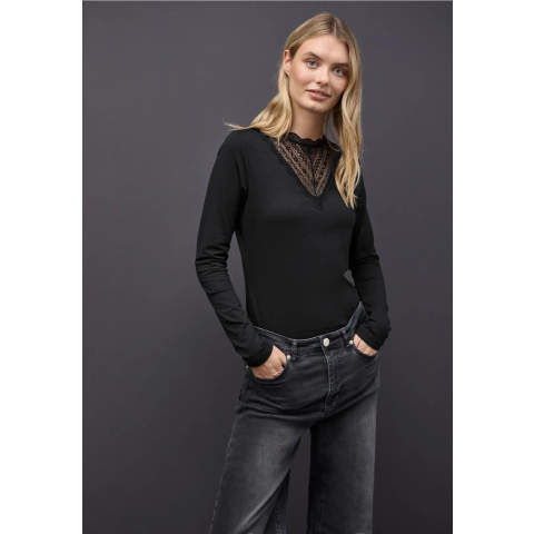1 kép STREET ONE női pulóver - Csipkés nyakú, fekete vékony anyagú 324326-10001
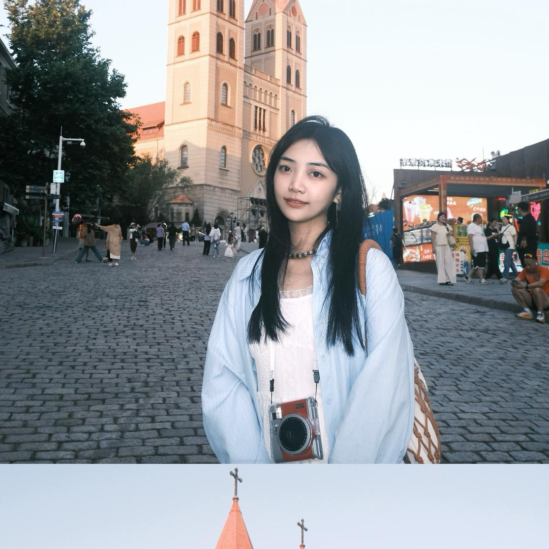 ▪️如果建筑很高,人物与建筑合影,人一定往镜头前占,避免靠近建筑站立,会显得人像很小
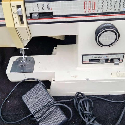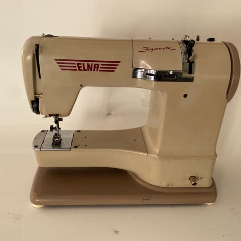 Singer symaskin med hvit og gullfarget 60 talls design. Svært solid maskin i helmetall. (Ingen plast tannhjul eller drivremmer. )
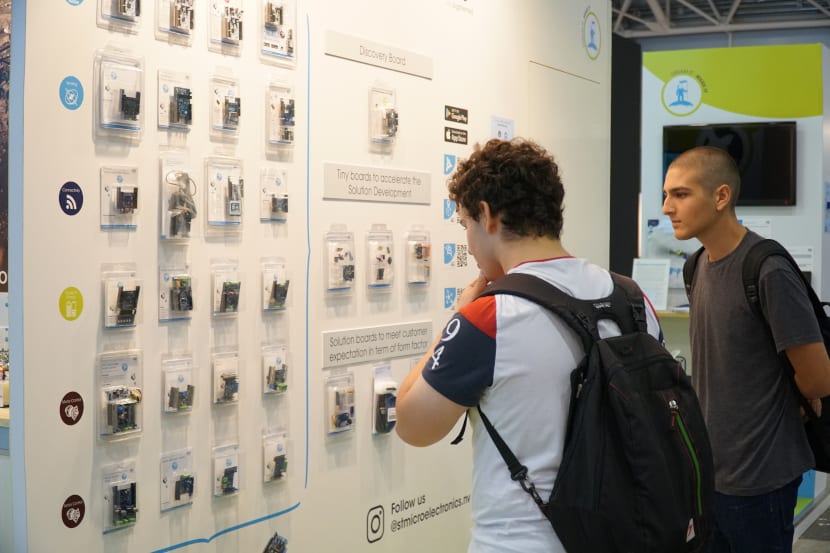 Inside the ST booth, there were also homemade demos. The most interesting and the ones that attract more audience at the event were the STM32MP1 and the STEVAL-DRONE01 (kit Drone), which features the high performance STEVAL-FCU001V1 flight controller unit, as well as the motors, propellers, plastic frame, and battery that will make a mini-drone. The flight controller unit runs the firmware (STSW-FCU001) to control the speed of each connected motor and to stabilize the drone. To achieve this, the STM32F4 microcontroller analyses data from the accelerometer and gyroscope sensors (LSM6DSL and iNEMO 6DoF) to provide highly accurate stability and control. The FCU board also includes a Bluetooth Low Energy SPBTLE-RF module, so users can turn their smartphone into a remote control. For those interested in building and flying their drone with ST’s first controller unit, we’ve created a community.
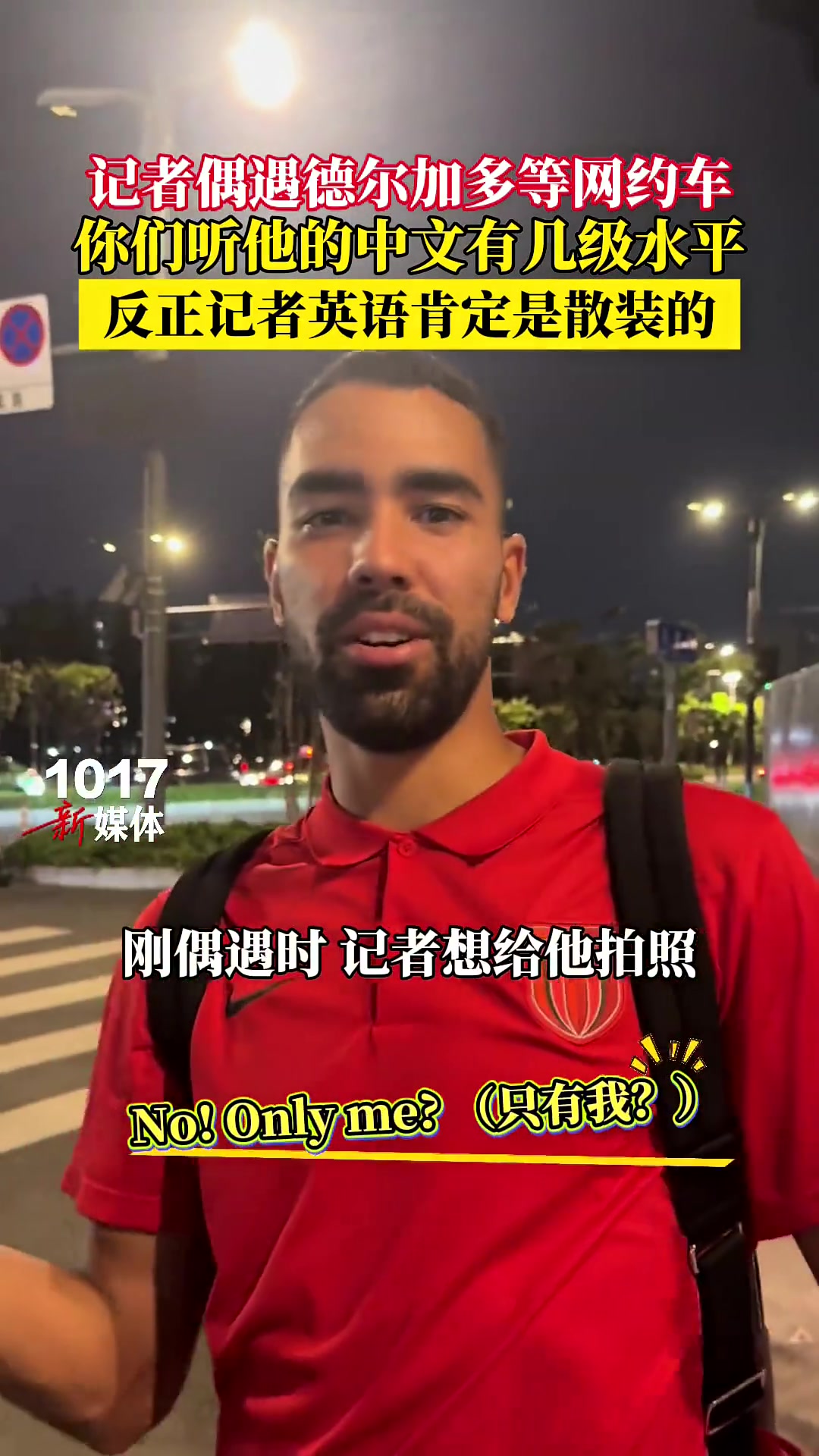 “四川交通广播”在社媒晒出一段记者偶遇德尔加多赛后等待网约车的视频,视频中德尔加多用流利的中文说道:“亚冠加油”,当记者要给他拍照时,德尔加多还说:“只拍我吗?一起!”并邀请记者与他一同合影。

▶ [Work instruction] Only the text of the entries above, transcribed exactly, should be given; leave out pictures.

▶ [Your response]
1 kép STREET ONE női pulóver - Csipkés nyakú, fekete vékony anyagú 324326-10001
 ▪️如果建筑很高,人物与建筑合影,人一定往镜头前占,避免靠近建筑站立,会显得人像很小
 Singer symaskin med hvit og gullfarget 60 talls design. Svært solid maskin i helmetall. (Ingen plast tannhjul eller drivremmer. )
 Inside the ST booth, there were also homemade demos. The most interesting and the ones that attract more audience at the event were the STM32MP1 and the STEVAL-DRONE01 (kit Drone), which features the high performance STEVAL-FCU001V1 flight controller unit, as well as the motors, propellers, plastic frame, and battery that will make a mini-drone. The flight controller unit runs the firmware (STSW-FCU001) to control the speed of each connected motor and to stabilize the drone. To achieve this, the STM32F4 microcontroller analyses data from the accelerometer and gyroscope sensors (LSM6DSL and iNEMO 6DoF) to provide highly accurate stability and control. The FCU board also includes a Bluetooth Low Energy SPBTLE-RF module, so users can turn their smartphone into a remote control. For those interested in building and flying their drone with ST’s first controller unit, we’ve created a community.
 “四川交通广播”在社媒晒出一段记者偶遇德尔加多赛后等待网约车的视频,视频中德尔加多用流利的中文说道:“亚冠加油”,当记者要给他拍照时,德尔加多还说:“只拍我吗?一起!”并邀请记者与他一同合影。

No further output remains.